- [TASK INPUT]:
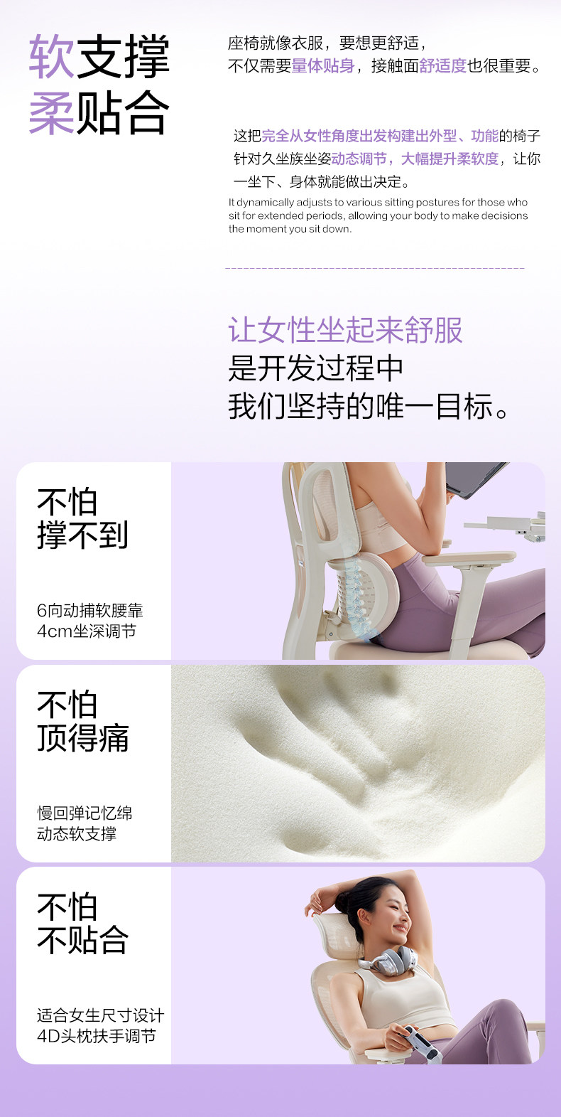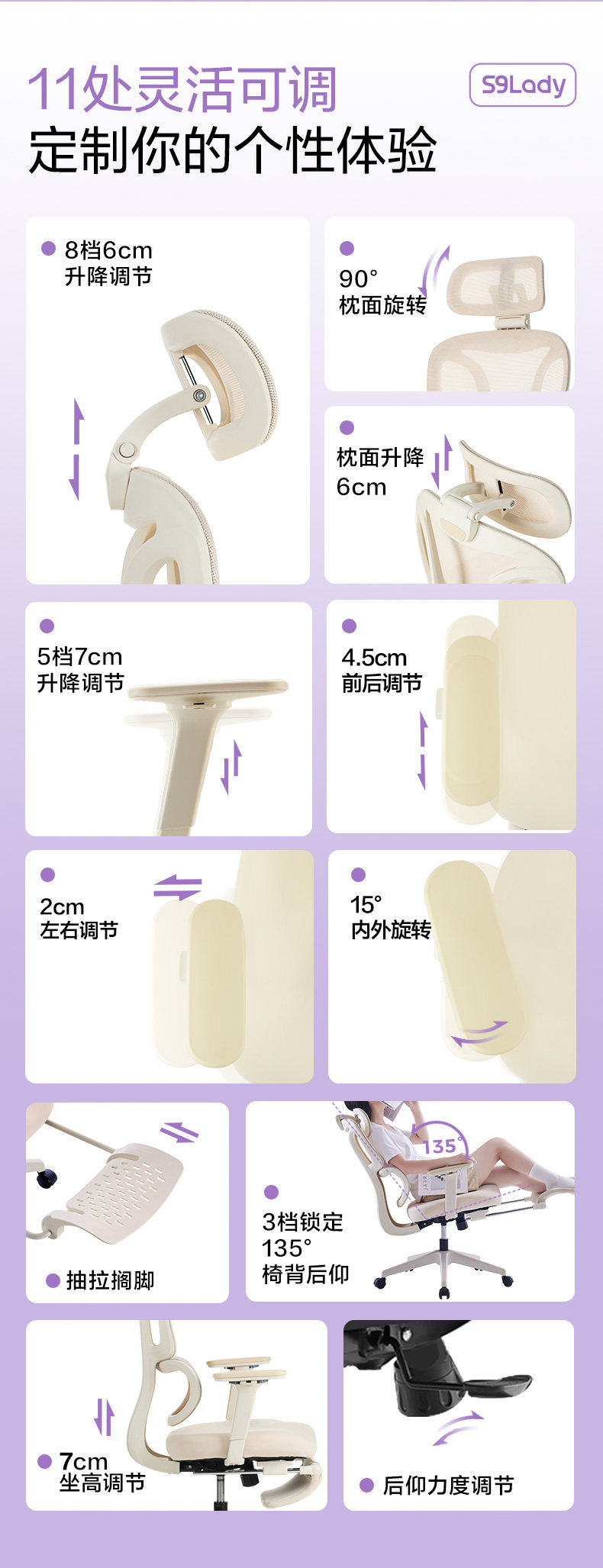 | Color Classification | ⭐New Product Launch⭐S9Lady Max Vanilla Rice (Memory Foam 6-Way Motion Capture Soft Lumbar Support + Petal Cushion + 4D Armrest + 3D Headrest + Seat Depth Adjustment) Without Pedals,⭐ New Product Launch ⭐ S9Lady Max Is Absolutely Purple (Memory Foam 6-Way Motion Capture Soft Lumbar Support + Petal Cushion + 4D Armrest + 3D Headrest + Seat Depth Adjustment) Without Pedals,⭐New Product Launch⭐S9Lady Max Vanilla Rice (Memory Foam 6-Way Motion Capture Soft Lumbar Support + Petal Cushion + 4D Armrest + 3D Headrest + Seat Depth Adjustment) with Footrest,⭐New Product Launch⭐S9Lady Max Is Absolutely Purple (Memory Foam 6-Way Motion Capture Soft Lumbar Support + Petal Cushion + 4D Armrest + 3D Headrest + Seat Depth Adjustment) with Pedals,Explorer Lady Milk Coffee Apricot (3D Embracing Soft Lumbar Support + Petal Cushion + 4D Headrest + Seat Depth Adjustment) Without Pedals,Explorer Lady Rose Pink (3D Embracing Soft Lumbar Support + Petal Cushion + 4D Headrest + Seat Depth Adjustment) Without Pedals,Explorer Lady Milk Coffee Apricot (3D Embracing Soft Lumbar Support + Petal Cushion + 4D Headrest + Seat Depth Adjustment) with Footrest,Explorer Lady Rose Pink (3D Embracing Soft Lumbar Support + Petal Cushion + 4D Headrest + Seat Depth Adjustment) with Footrest,Official Flagship,Quality Assurance,Add to Favorites and Cart,Priority Delivery |
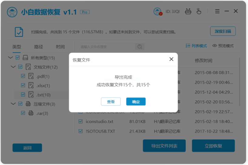 4、經(jīng)過一段時(shí)間之后就能把選擇的全部文件恢復(fù)完畢了,點(diǎn)擊確定即可。
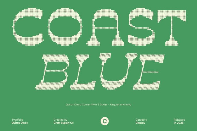 Quiros Disco Font This is a classic display font inspired by the bold, decorative letterforms of the 1970s. Its retro, groovy shapes and fluid curves instantly transport any design into an era of color, rhythm, and expressive typography. Every character embraces a playful, funky flow that feels energetic and full of personality, making it a true visual statement in any creative layout.
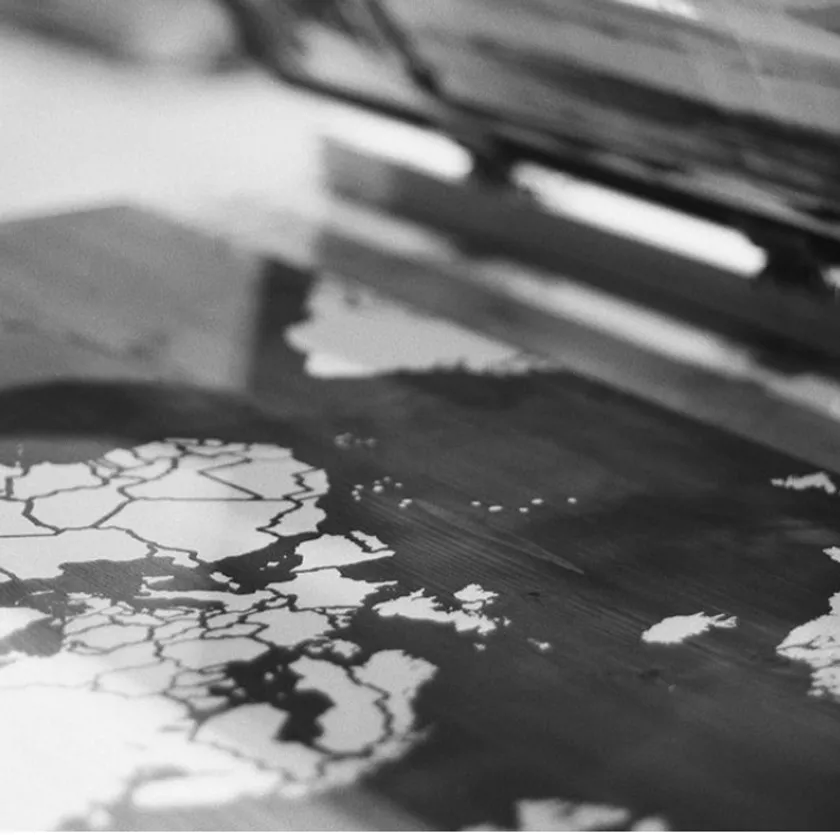【コルクマップ】の地図はシルクスクリーン版画によるハンドメイドです。シルクスクリーン版画は孔版画とも呼ばれ、美術作品にも使われる印刷技法です。網目のある布を用い、その上に顔料を通さない型紙を敷いて印刷したい対象に当て、上からヘラで顔料を落とすことで、凹凸がある対象物でもきれいに印刷ができます。シルクスクリーン版画は専門の職人による高い技術が必要なため、バルセロナにある自社工房で職人が1枚1枚丁寧に仕立てています。
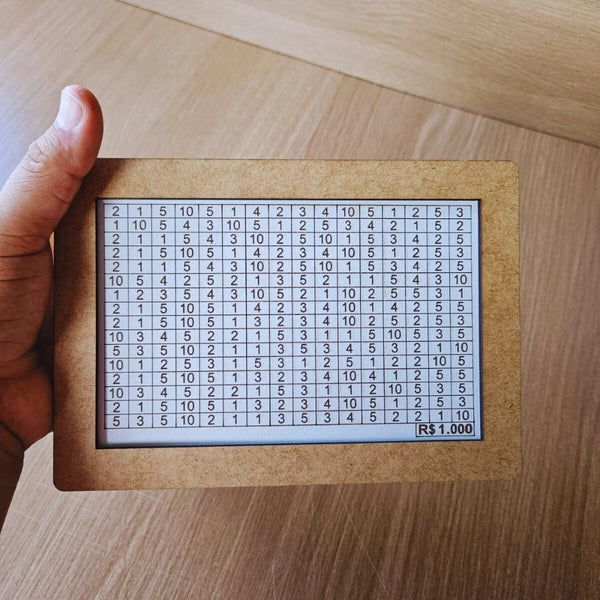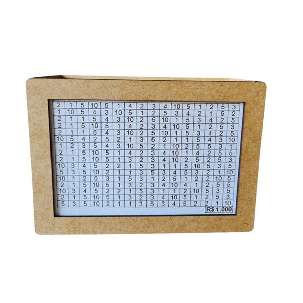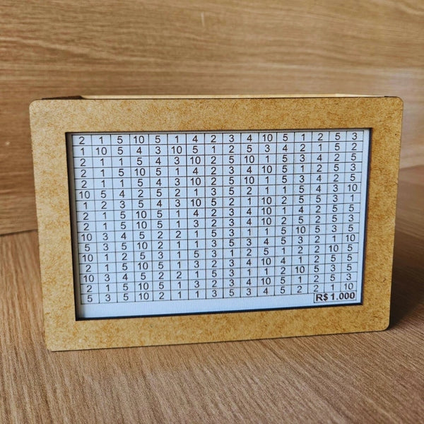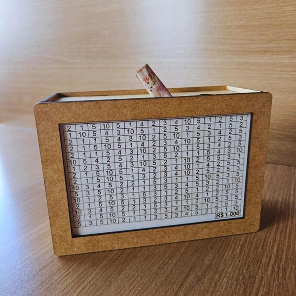 Com tamanho compacto e acabamento natural, o cofre traz um visual limpo e elegante, perfeito para deixar à vista como lembrete diário do seu objetivo.
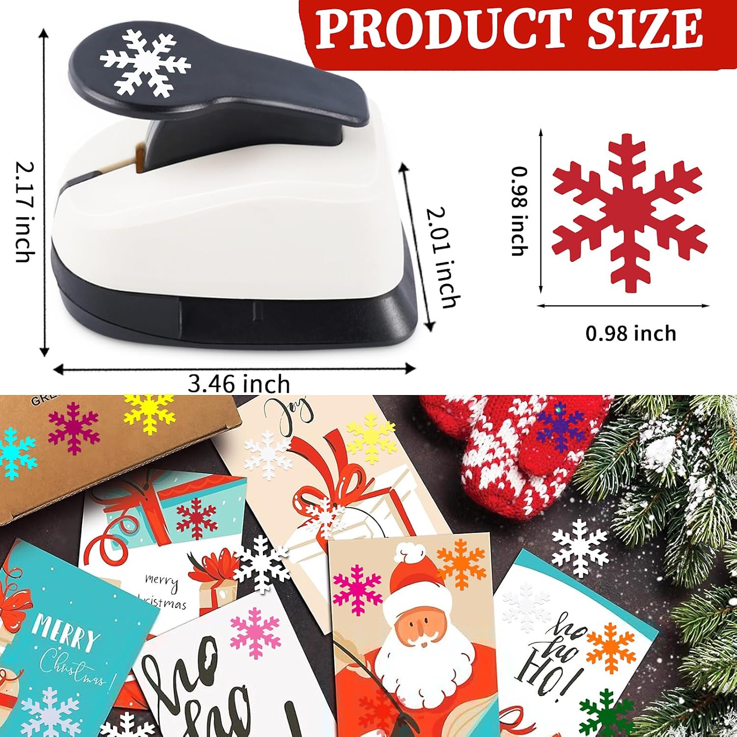 - Snowflakes Hole Punch: The size of snowflake paper punches for crafting is 3.46x2.17x2.01 inch. The size of punch shape snowflake is 0.98 inch. The Christmas snowflake punch is made of ABS and zinc alloy. Create unique DIY paper artworks for Christmas with the snowflake shape punch
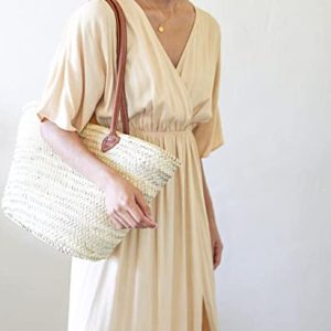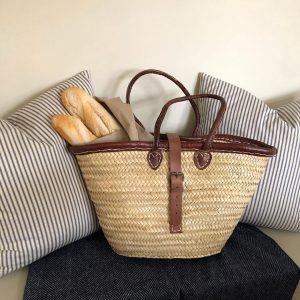 FRENCH MARKET BASKET straw bag with leather handles beach bag
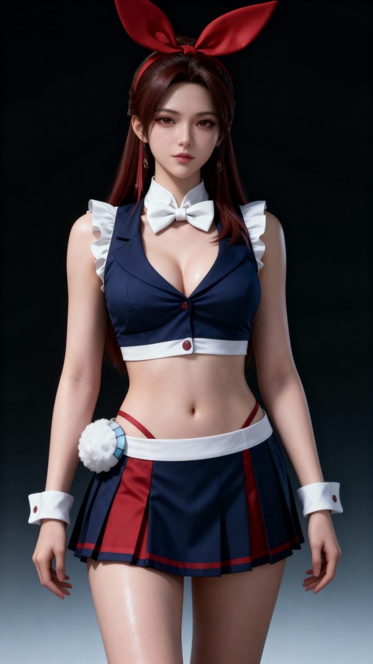 一位年轻亚洲女性,全身像,动漫转真人风格,拥有精致立体的五官,真人比例身材,人物形象参考图2,皮肤白皙细腻,质感通透,面部有细微的高光和阴影,营造出立体的面部轮廓,整体妆容精致自然,背景为深色渐变,突出人物主体,光线柔和均匀,呈现出专业摄影的质感,画面清晰锐利,细节丰富,具有3D渲染的精致效果。
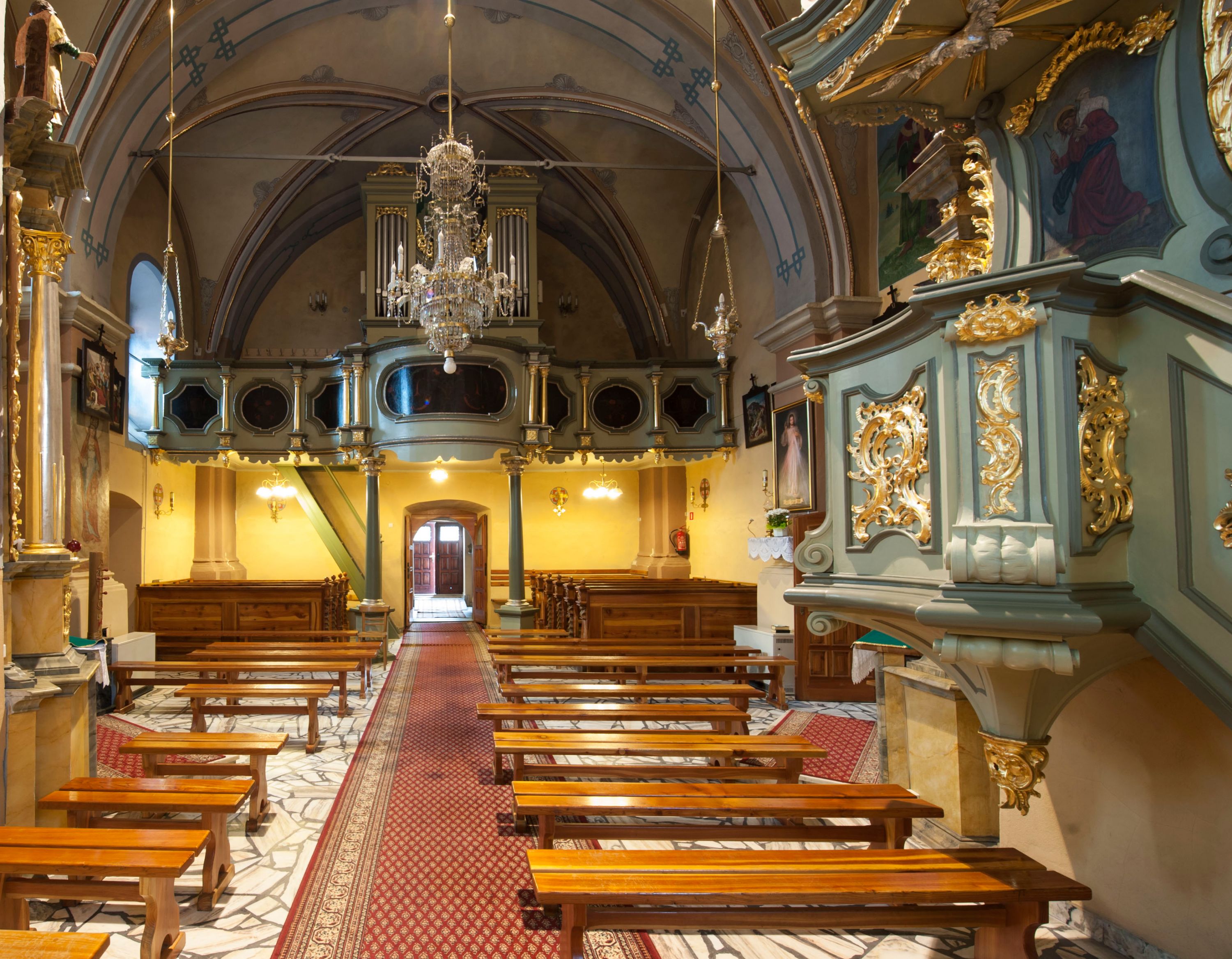 The music choir was created in the late Baroque style with the concave-convex balustrade pattern - typical of that period. According to records form the parish chronicle, it was created in 1744. Painted decorations in the form of stylized flower compositions on a black background, located in the area of windowsills are much later, probably created in the 19th century.
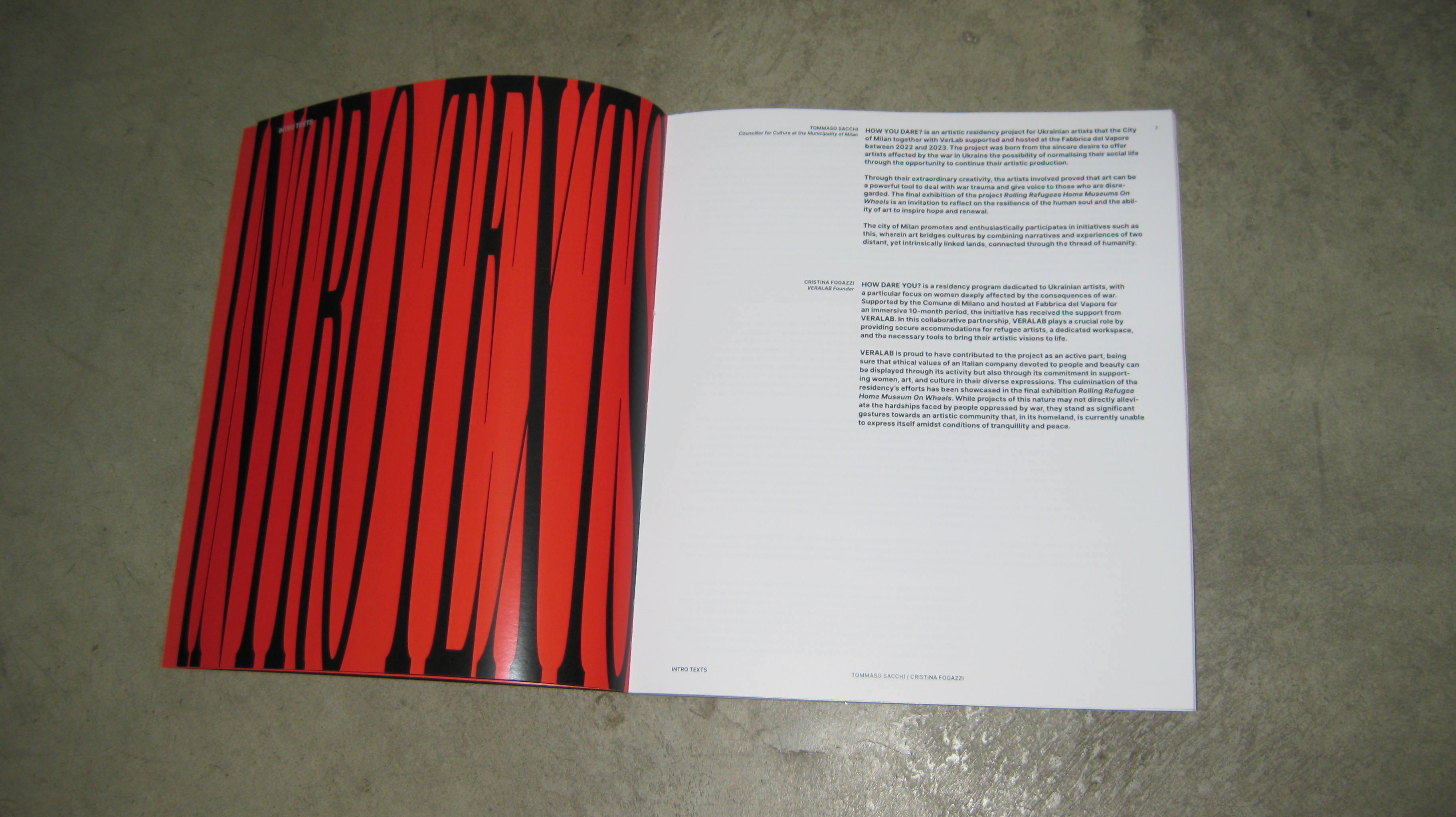 This publication, edited by Sergey Kantsedal (with Antonella Prasse) and produced by Nova Express Publishing with design by Andrea Magnani (Siliqoon Agency), documents the residency program for Ukrainan artists HOW YOU DARE? which took place at at Fabbrica del Vapore in Milan from May 2022 to April 2023.
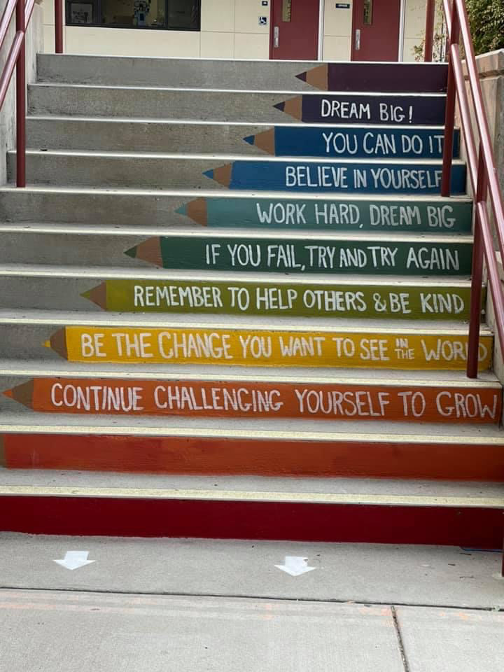After painting these stair murals, students and staff have commented about how much pride they feel for their school. Not only do these murals add beauty to the campus, they also reflect core values that the school wants to impart on students and staff alike.
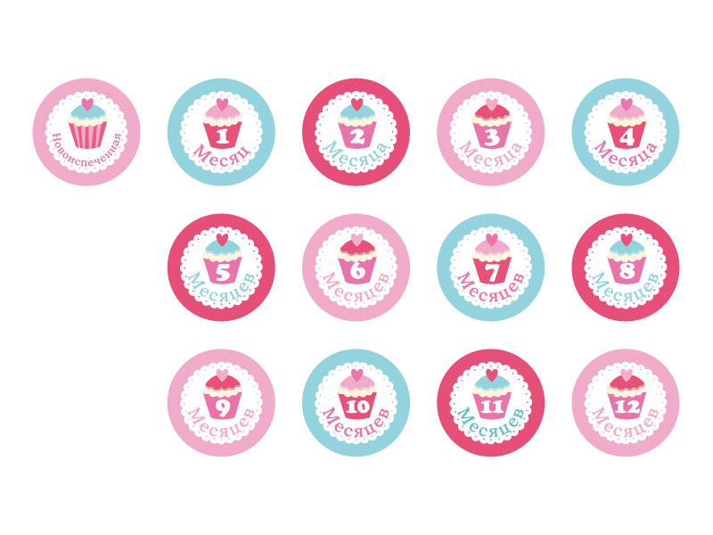 В наборе 13 оригинальных наклеек диаметром 10 см. на каждый месяц первого года крохи, начиная с рождения.

- [EXERCISE DIRECTIONS]:
What are the lines in the records above, word for word, from the one containing "FRENCH MARKET BASKET" through the one containing "一位年轻亚洲女性,全身像,动", both ends included and pictures left out?

- [OUTPUT OF THE EXERCISE]:
 FRENCH MARKET BASKET straw bag with leather handles beach bag
 一位年轻亚洲女性,全身像,动漫转真人风格,拥有精致立体的五官,真人比例身材,人物形象参考图2,皮肤白皙细腻,质感通透,面部有细微的高光和阴影,营造出立体的面部轮廓,整体妆容精致自然,背景为深色渐变,突出人物主体,光线柔和均匀,呈现出专业摄影的质感,画面清晰锐利,细节丰富,具有3D渲染的精致效果。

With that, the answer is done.